***** Records for processing
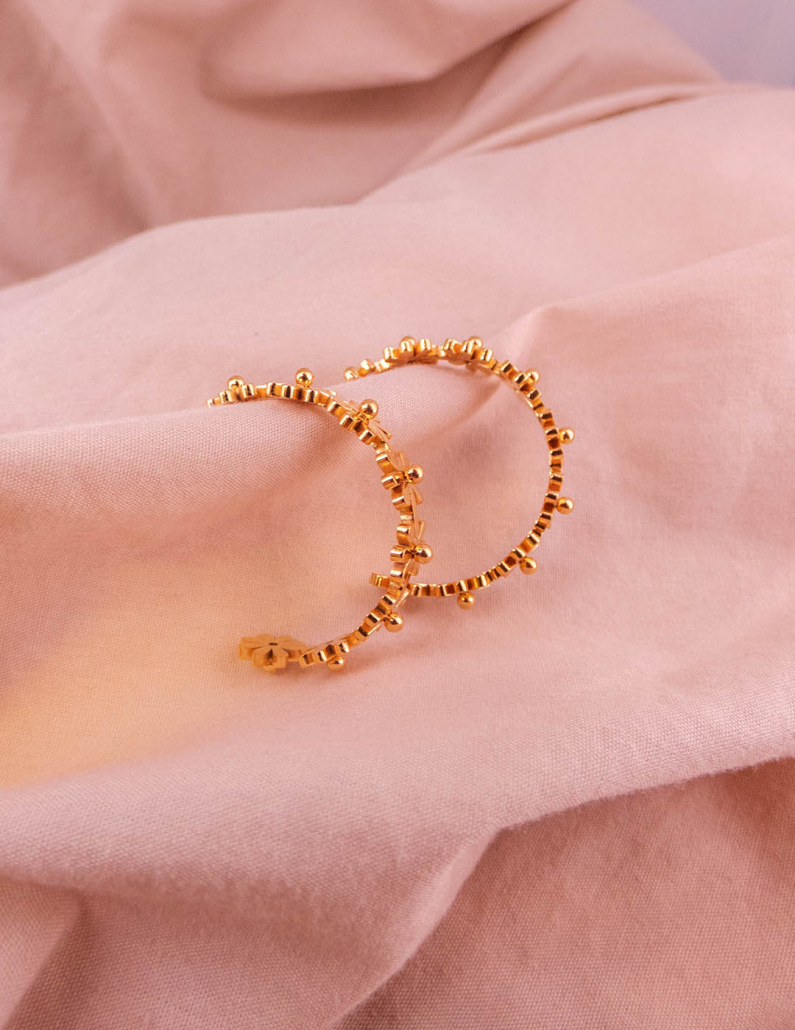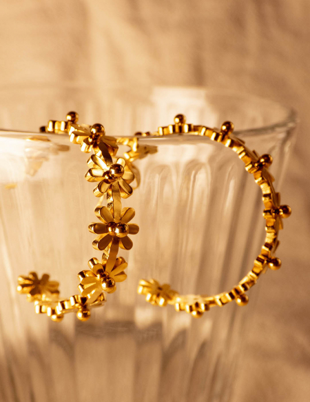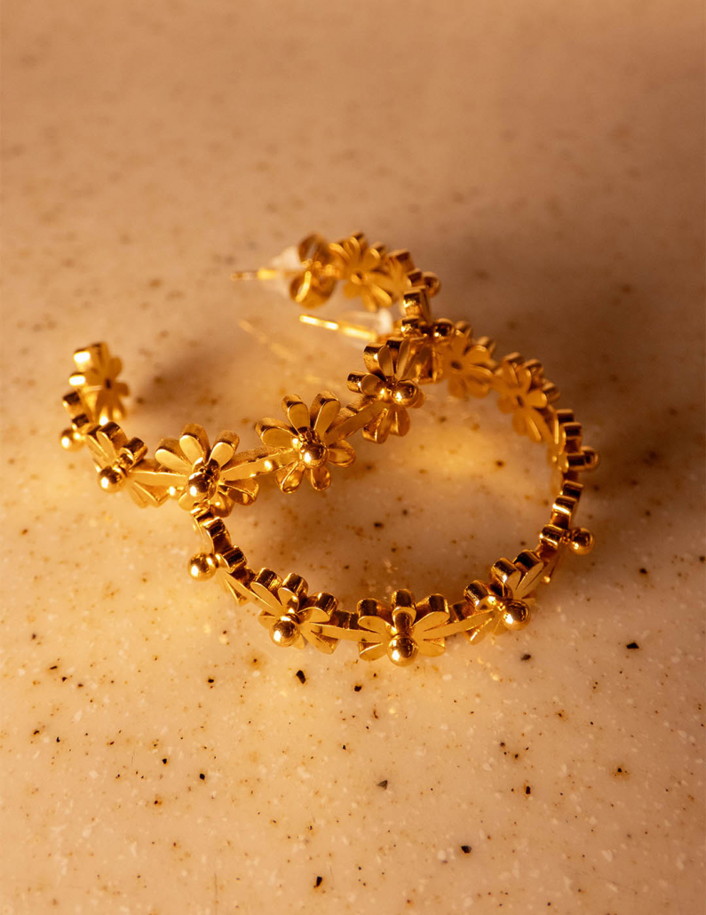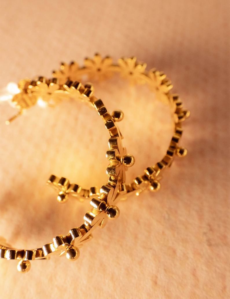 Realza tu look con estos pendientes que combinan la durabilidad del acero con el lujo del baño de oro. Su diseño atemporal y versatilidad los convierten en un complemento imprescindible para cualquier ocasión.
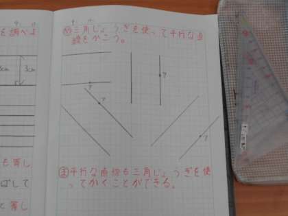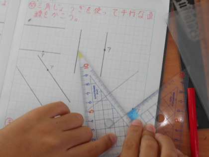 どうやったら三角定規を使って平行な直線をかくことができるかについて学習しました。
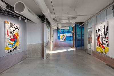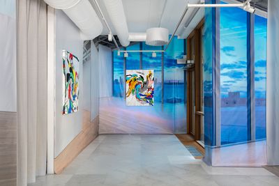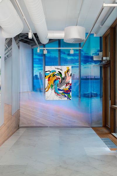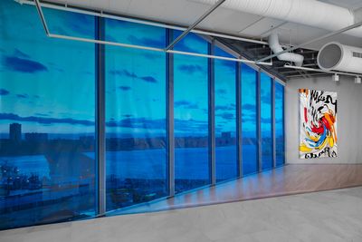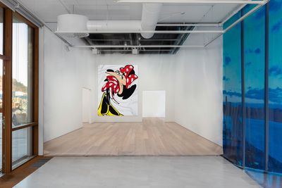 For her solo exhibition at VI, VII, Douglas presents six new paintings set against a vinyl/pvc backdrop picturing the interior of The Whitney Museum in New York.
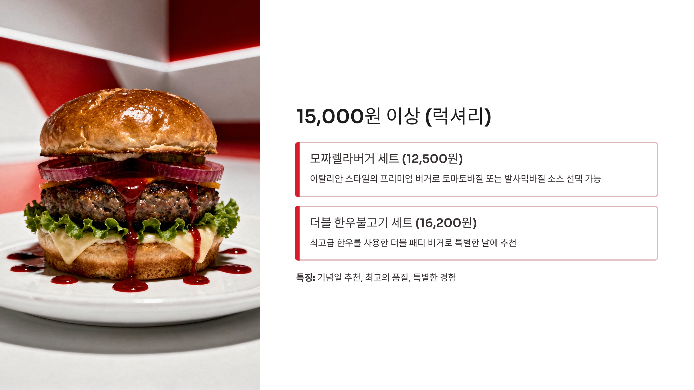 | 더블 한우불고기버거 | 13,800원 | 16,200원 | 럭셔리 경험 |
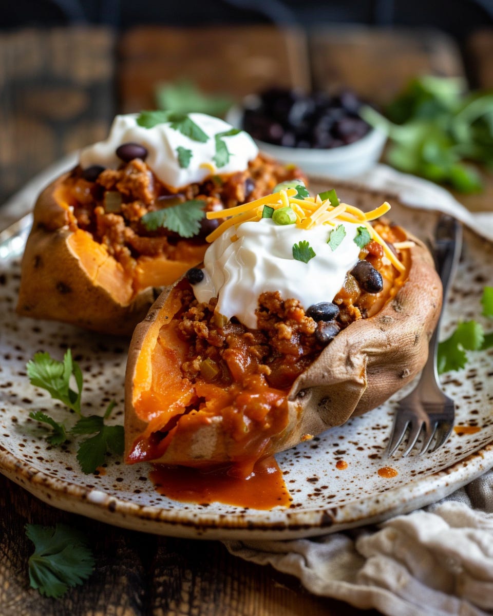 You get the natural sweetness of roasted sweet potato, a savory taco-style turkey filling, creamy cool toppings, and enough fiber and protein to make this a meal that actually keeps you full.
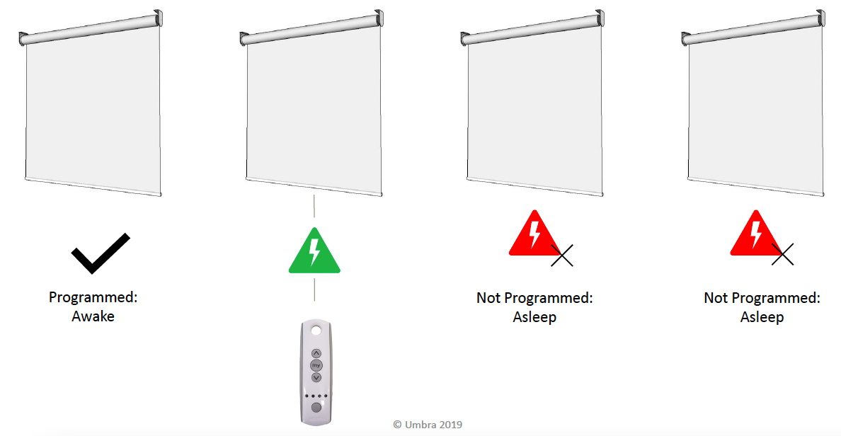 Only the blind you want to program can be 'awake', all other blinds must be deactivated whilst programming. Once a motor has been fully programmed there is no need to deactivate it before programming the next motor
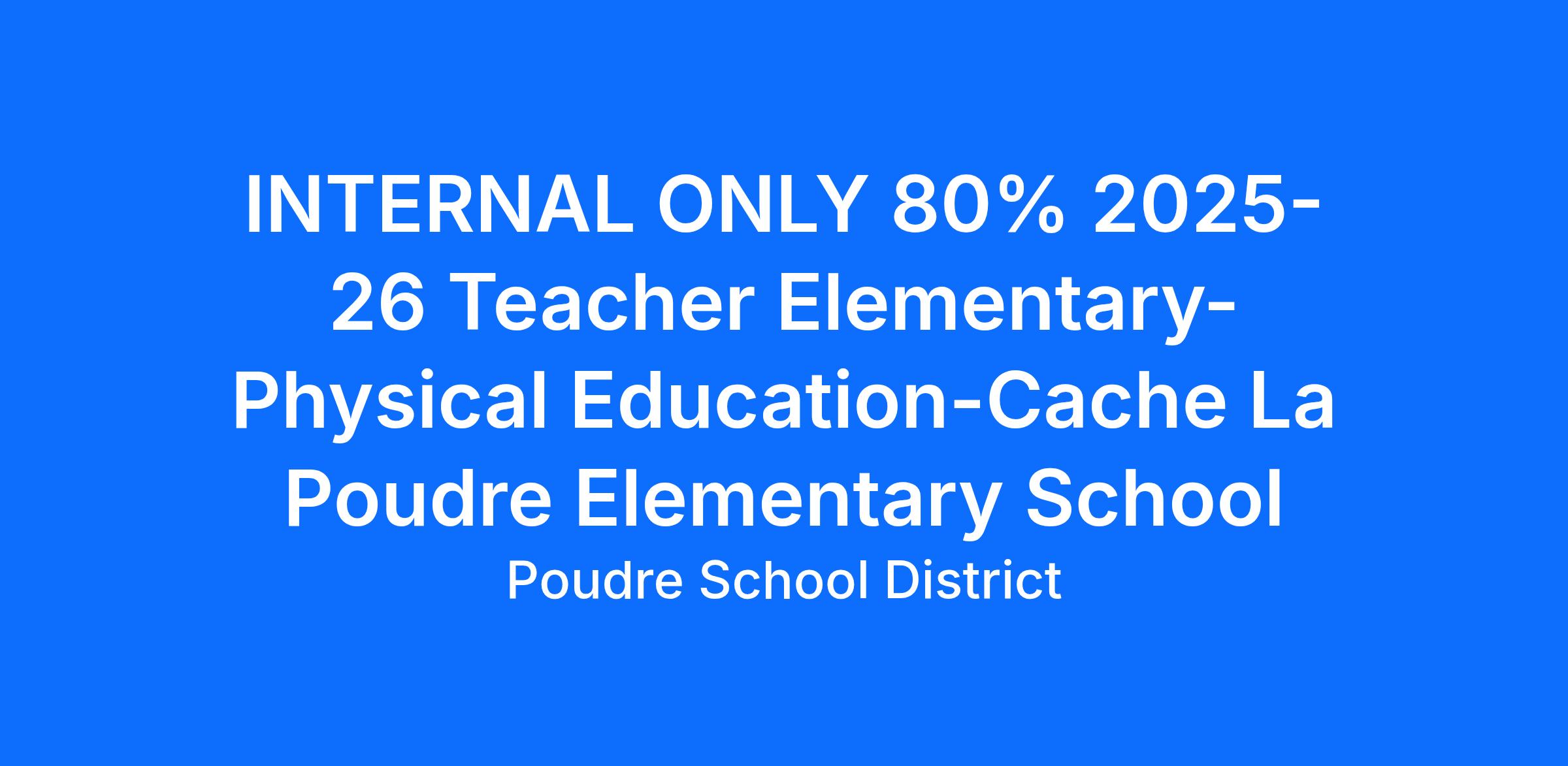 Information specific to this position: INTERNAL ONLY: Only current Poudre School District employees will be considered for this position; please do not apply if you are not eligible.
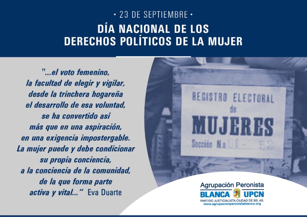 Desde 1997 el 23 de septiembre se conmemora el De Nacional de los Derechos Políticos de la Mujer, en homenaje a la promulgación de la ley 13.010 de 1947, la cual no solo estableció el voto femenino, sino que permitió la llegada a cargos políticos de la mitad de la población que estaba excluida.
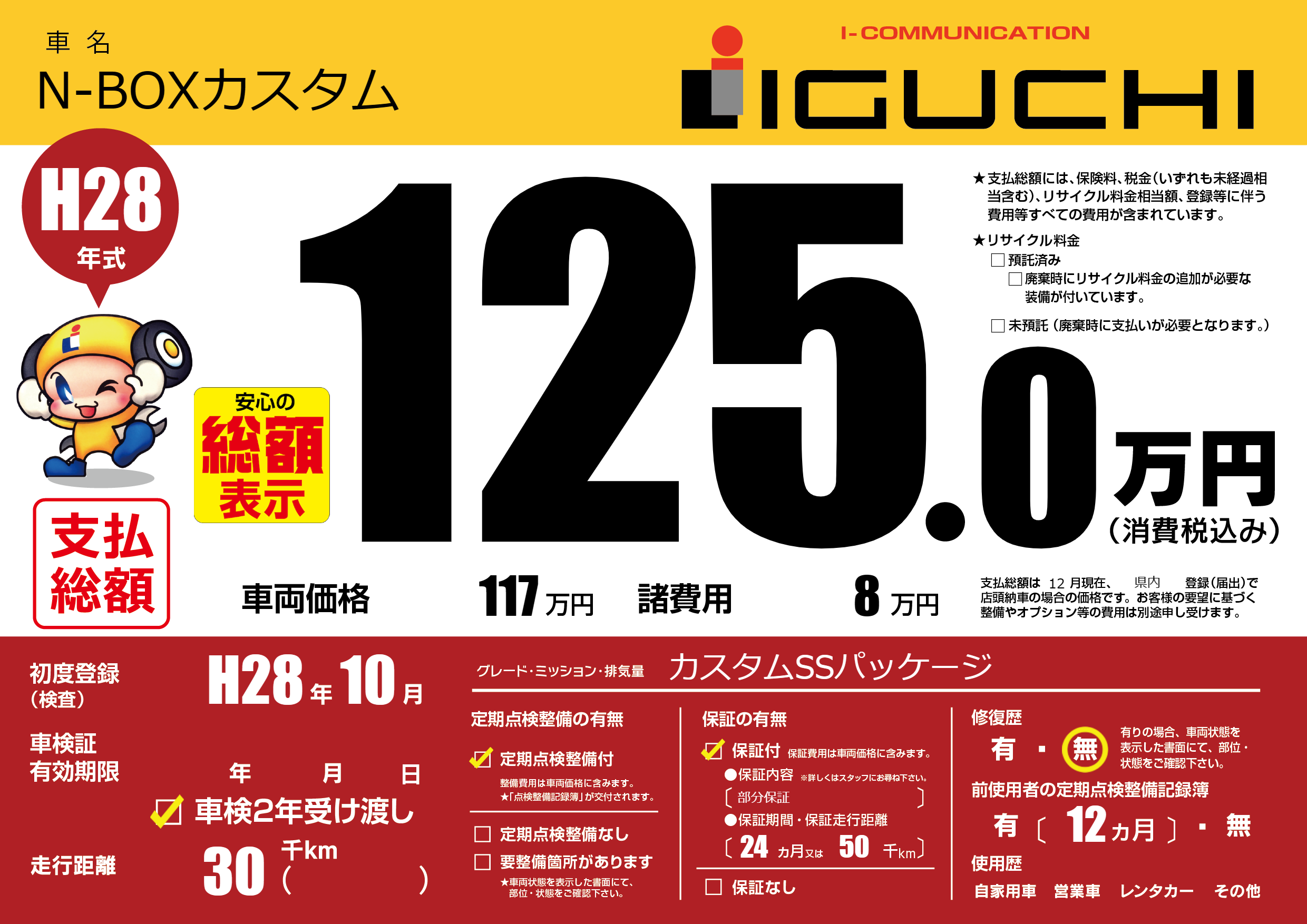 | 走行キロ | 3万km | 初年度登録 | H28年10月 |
**********
_Work to be completed:_
Exactly as they appear above, print all the lines, but not the pictures.

_Worked solution:_
 Realza tu look con estos pendientes que combinan la durabilidad del acero con el lujo del baño de oro. Su diseño atemporal y versatilidad los convierten en un complemento imprescindible para cualquier ocasión.
 どうやったら三角定規を使って平行な直線をかくことができるかについて学習しました。
 For her solo exhibition at VI, VII, Douglas presents six new paintings set against a vinyl/pvc backdrop picturing the interior of The Whitney Museum in New York.
 | 더블 한우불고기버거 | 13,800원 | 16,200원 | 럭셔리 경험 |
 You get the natural sweetness of roasted sweet potato, a savory taco-style turkey filling, creamy cool toppings, and enough fiber and protein to make this a meal that actually keeps you full.
 Only the blind you want to program can be 'awake', all other blinds must be deactivated whilst programming. Once a motor has been fully programmed there is no need to deactivate it before programming the next motor
 Information specific to this position: INTERNAL ONLY: Only current Poudre School District employees will be considered for this position; please do not apply if you are not eligible.
 Desde 1997 el 23 de septiembre se conmemora el De Nacional de los Derechos Políticos de la Mujer, en homenaje a la promulgación de la ley 13.010 de 1947, la cual no solo estableció el voto femenino, sino que permitió la llegada a cargos políticos de la mitad de la población que estaba excluida.
 | 走行キロ | 3万km | 初年度登録 | H28年10月 |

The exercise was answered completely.